UDC 547.915.5

CHEMISTRY

A. V. Luk’yanov, A. I. Lyutik, V. I. Shvets, N. A. Preobrazhenskii

STUDIES IN THE FIELD OF THE SYNTHESIS OF LIPOID COMPOUNDS

(Presented by Academician M. I. Kabachnik, 8 IV 1965)

The synthesis of diester glycerophosphatides of the lecithin type (^1), cephalin (^2), and phosphatidylserine (^3) made it possible to proceed to the preparation of inositol phosphatides, which in structure are diphosphoinositides (Scheme 1), as well as compounds of more complex structures that include amino-acid residues (Schemes 2 and 3).

Scheme 1

In the reaction of a molar amount of the 1,2,4,5-di-O-cyclohexylidene derivative of myoinositol (I, m.p. 173–174°) with phosphorus oxychloride (2 mol) and subsequent condensation with a half-molar amount of α,β-distearoylglycerol (II, m.p. 70–71°), (^4) 1-[α-(α′,β-distearoyl)glycerophosphoryl]-4-phosphatmyoinositol (III, \(R = C_{17}H_{35}\)) was obtained. Yield 16.6%. M.p. 161–163°. \(R_f\) 0.15 (thin-layer chromatography on silicic acid in the chloroform—methyl alcohol—water system, in ratios 80 : 25 : 5).

Found, %: C 58.32; H 9.49; P 6.67
\(C_{45}H_{88}O_{16}P_2\). Calculated, %: C 58.00; H 9.52; P 6.61

IR spectrum: 3400–3200 (OH); 2960, 2931, 2865, 1475, 1385, 780 (CH, CH₂, CH₃); 1750, 1185 (COOR); 1250 (P = O); 1120, 1050 (POC); 960 (P—OH) cm⁻¹.

By the action of phosphorus oxychloride (2 moles) and the same amount of α,β-distearoylglycerol (II) on a molar amount of 1,2,4,5-di-O-cyclohexylidenemyoinositol (I), 1,4-bis-[α-(α′,β-distearoyl)-glycerylphosphoryl]-myoinositol (IV) was synthesized \(^{(4)}\). Yield 14.8%. M.p. 131–131.5°. \(R_f\) 0.69 (thin-layer chromatography on silicic acid in the system chloroform—methyl alcohol—water in ratios of 80 : 25 : 2).

\[ \begin{aligned} &\text{Found \%: } \mathrm{C}\ 64.98;\ \mathrm{H}\ 10.36;\ \mathrm{P}\ 4.02\\ &\mathrm{C}_{84}\mathrm{H}_{164}\mathrm{O}_{20}\mathrm{P}_2.\ \text{Calculated \%: } \mathrm{C}\ 64.91;\ \mathrm{H}\ 10.49;\ \mathrm{P}\ 3.98 \end{aligned} \]
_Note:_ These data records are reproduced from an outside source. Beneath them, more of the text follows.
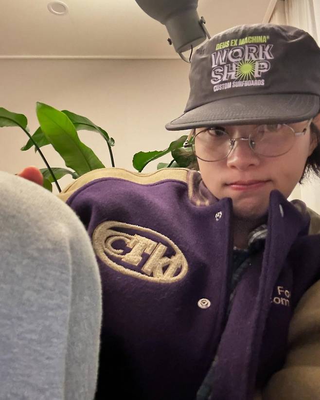 두 번째 사진에서 배우 이수경은 보라색과 베이지색이 조화를 이루는 레터링 자켓을 착용하며 편안하면서도 개성 있는 스타일을 연출하고 있다. 자켓의 레터링 디테일과 스냅 버튼이 스포티한 분위기를 강조하며, 모자와 함께 매치해 자연스러운 일상 패션을 완성했다. 실내 식물과 어우러진 배경은 그녀의 여유로운 일상을 담아내며 스타일에 생동감을 더한다.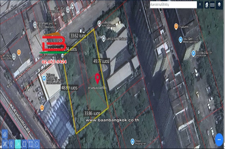 รหัสทรัพย์ 11552 : ที่ดินเปล่า ซอยรามอินทรา 101 *ค่าพิกัด : 13.821387736,100.68138145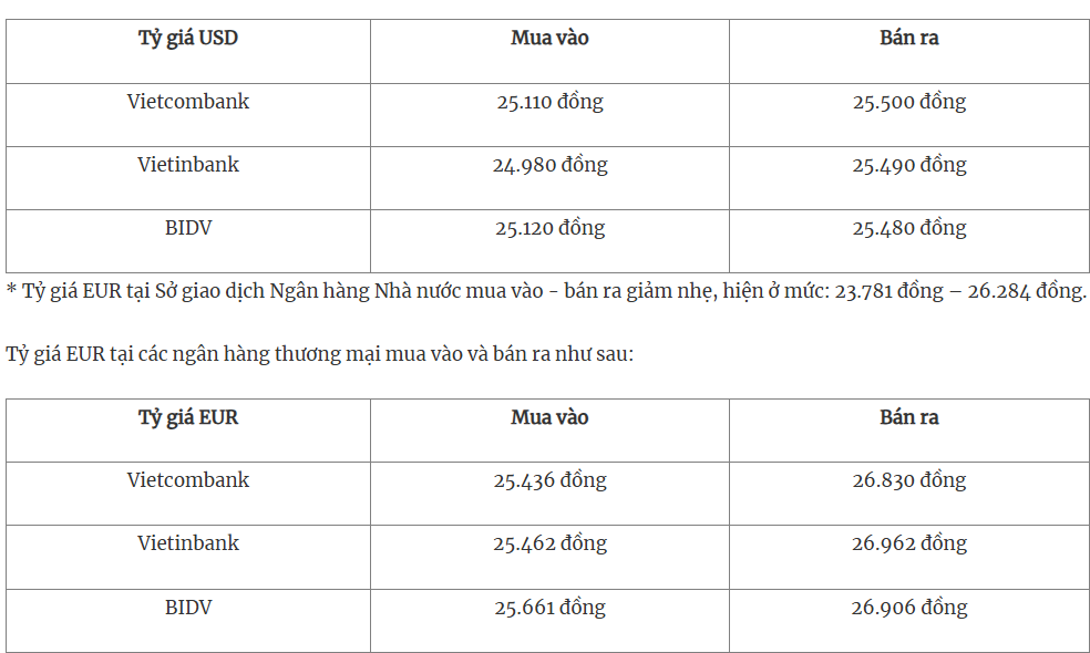 Tỷ giá USD tại các ngân hàng thương mại mua vào và bán ra như sau:

IR spectrum: 3400–3200 (OH); 2959, 2933, 2861, 1480, 1382, 718 (CH, CH\(_2\), CH\(_3\)); 1745, 1180 (COOR), 1240 (P = O); 1120, 1065 (POC); 960 (P—OH) cm\(^{-1}\).

Substances of the type of the diester compounds synthesized by us are, as Collins believes \(^{(5)}\), products of the half-decay in the process of isolation from natural sources of triester phosphatides. The latter compounds are one of the principal forms of existence of complex lipids in the organism \(^{(5)}\).

We synthesized a triester (IX) having the structure of cephalin, the free hydroxyl group of which is linked by an ether bond with the first hydroxyl group of myoinositol (Scheme 2).

Scheme 2

By phosphorylation of α,β-distearoylglycerol (II) with β-phthalimidoethylphosphoric acid dichloroanhydride (V, m.p. 74.5–75°) and subsequent condensation with 3,4,5,6-tetraacetylmyoinositol (VII, m.p. 134–136°), we obtained α-(α′,β-distearoyl)-glycerylphosphoryl-[1-(3,4,5,6-tetraacetylmyoinositol)]-N-phthaloylethanolamine (VIII). Yield 18.3%. M.p. 48.5–49°. \(R_f\) 0.65 (thin-layer chromatography on silicic acid in ether).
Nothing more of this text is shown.